Więcej Wacek już nie słyszał.
Tylko zaniepokojone wrony rozkrakały się po całej puszczy.
Wieczorem, po skończonej lekcji, student podniósł na Wacka smutne oczy i szepnął:
— Miałem dziś z tobą ostatnią lekcję, bracie!
— Ostatnią? Dlaczego? — przeraził się chłopak.
— Muszę na łeb na szyję zwiewać stąd i to — jak najdalej — mruknął Strunowski.
— Co się stało?
— Dziś pochwyciliśmy w lesie trzech szpiegów: Szumachera i obu Flemmingów... — objaśnił student.

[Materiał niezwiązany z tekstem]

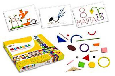 Комплектность: геометрические фигуры - 12 цветов, рабочие поля с цветными схемами мозаичных построек - 15 шт., рабочие поля с черно-белыми контурными схемами мозаичных построек - 15 шт., пеналы - 2 шт., учебное пособие с технологическими картами - 1 шт.?
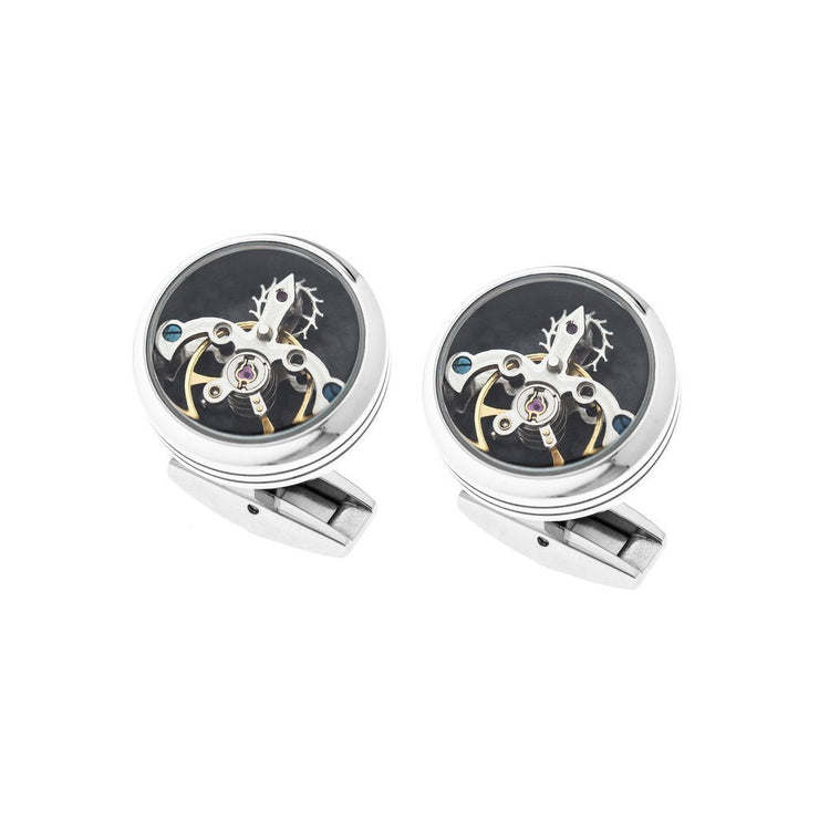 Stainless Steel cuff link with Imitate Tourbillon with EARNSHAW Logo
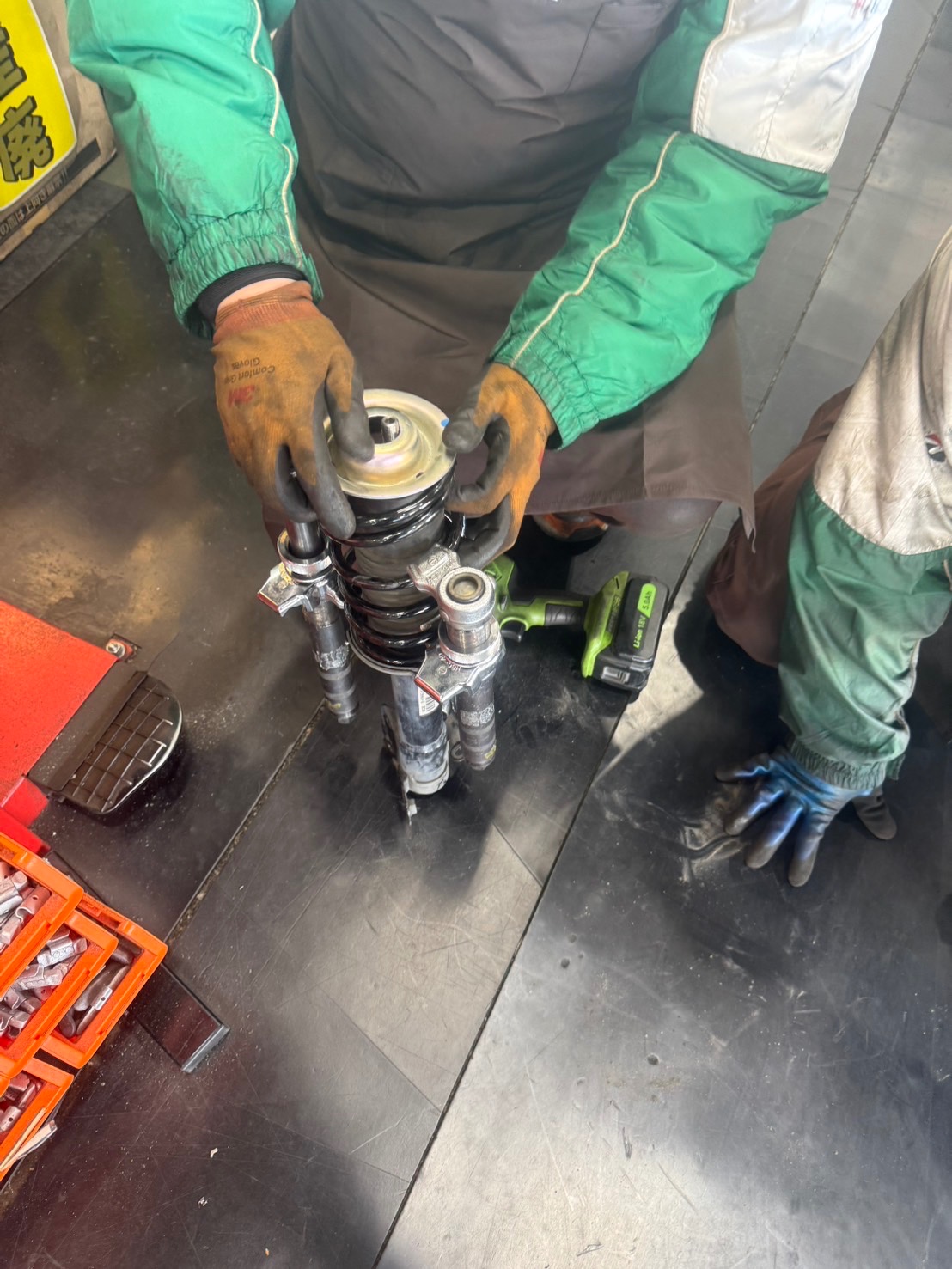 フロントのスプリングはストラット式とよばれるショックアブソーバと一体となっているので、専用工具を使用し、スプリングを縮めて脱着を行います!!

— Gdzie oni są teraz? — spytał przerażonym głosem Wacek, przypomniawszy sobie trzy strzały w puszczy.
— Są w ziemi... — machnął ręką Strunowski. — Zostali zastrzeleni, bo w przeciwnym razie wydaliby pały oddział. Zakopaliśmy ciała na bagnie... Muszę teraz uciekać stąd... bo żandarmi będą szukali zaginionych i chwytali ludzi bez wyboru.
Wacek był niepocieszony.
Rady jednak nie było.
Rozumiał, że po tym, co się stało dziś w puszczy, Strunowski i jego ludzie muszą się ukryć.
Odezwały się w jego głowie, słyszane przed dwiema godzinami, trzy dziwnie ponure i złowieszcze strzały.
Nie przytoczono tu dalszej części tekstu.